# A student asks: Why does variance do THAT?

A student asks:

The mark scheme says $Var(2 - 3X) = 9 Var(X)$. Where on earth does that come from?

Great question, which I’m going to answer in two ways. Firstly, there’s the instinctive reasoning; secondly, there’s the maths behind it, just to make sure.

### Instinctively

Well, instinctively, you’d think it was $2 - 3 Var(X)$, obviously, but it’s not. You need better instincts than that!

In this example, you’ve taken your random variable X, you’ve stretched it by a scale factor of -3 and moved it across two. Both of those have an effect on the mean: $E(2-3X)$ *does* behave as you’d instinctively think, and give you $2 - 3E(X)$.

However, the variance is a measure of spread - in fact, it’s the square of the standard deviation. Moving the variable sideways doesn’t change the spread. Multiplying it by -3 does, though: it multiplies the *standard deviation* by three ((The standard deviation is always positive, so we ignore the minus sign.)) That means the variance is multiplied by 9, as the mark scheme says.

### Mathematically

Let’s take a look at the definition of the variance:

$Var(X) = \frac 1n (x - \bar x)^2$ (other equivalent definitions are available; in most cases, I prefer “mean of the squares minus the square of the mean”).
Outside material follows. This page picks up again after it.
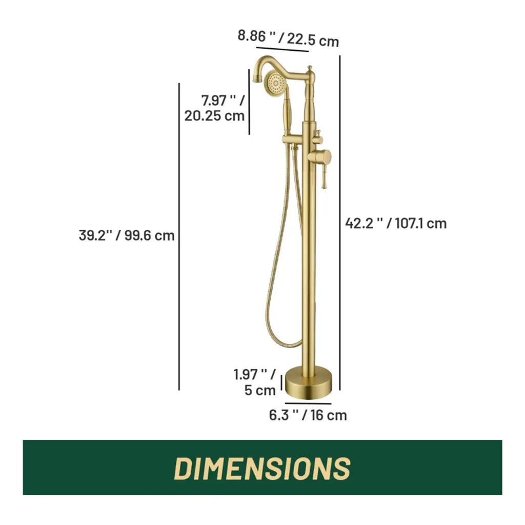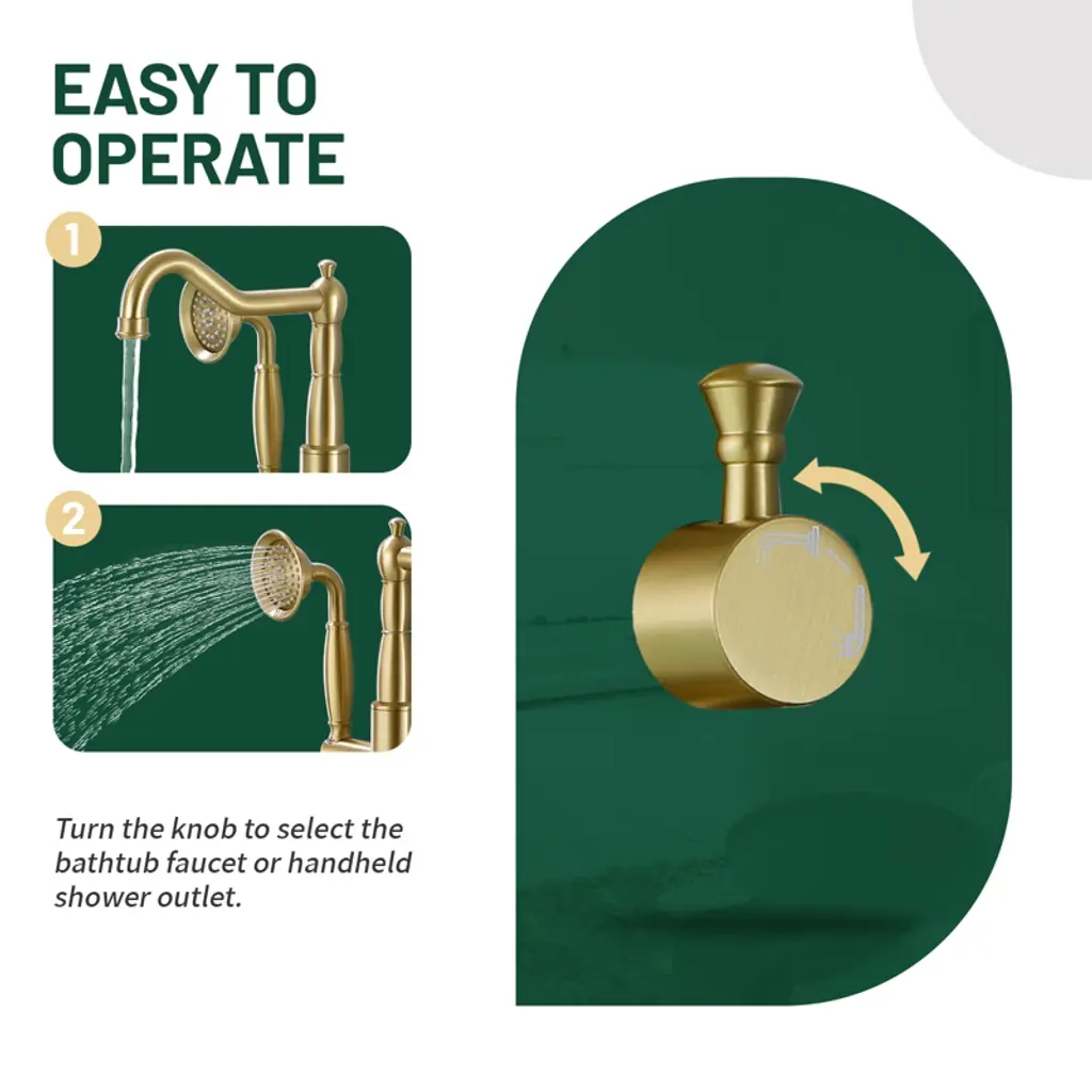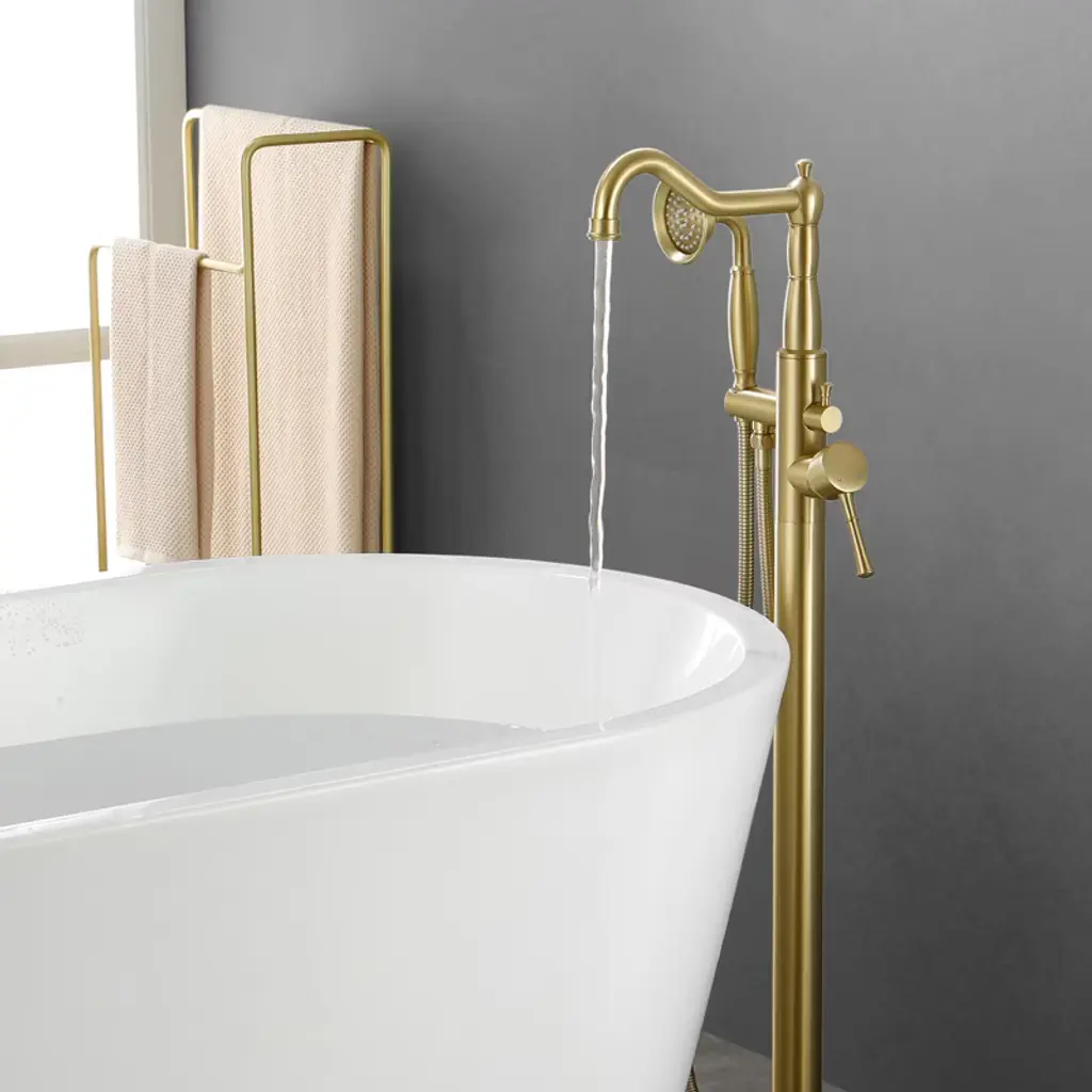 This freestanding floor standing bathtub faucet is made of high quality material, durable and stable performance.Meanwhile, it adopts American style appearance design, elegant, fashionable and beautiful, which can be easily integrated into different styles of bathrooms, equipped with a handheld shower, so that you can be more free and flexible when bathing.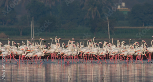 Naklejka premium Flock of Greater Flamingos with their pink reflection in the waters at Bhigwan in Maharashtra, India

Now, replace $x$ with $(2-3x)$ and $\bar x$ with $(2 - 3\bar x)$. You’ve got:

$Var(2-3X) = \frac 1n \left( (2-3x) - (2-3\bar x) \right)^2$

Tidying that bracket up:

$Var(2-3X) = \frac 1n \left ( -3x + 3 \bar x \right) = \frac 1n \left( -3(x - \bar x \right)^2$ $ = \frac 1n (-3)^2 (x-\bar x )^2 = 9 Var(X)$

You can do the same thing more generally with $a + bX$ if you like, but it works out in exactly the same way.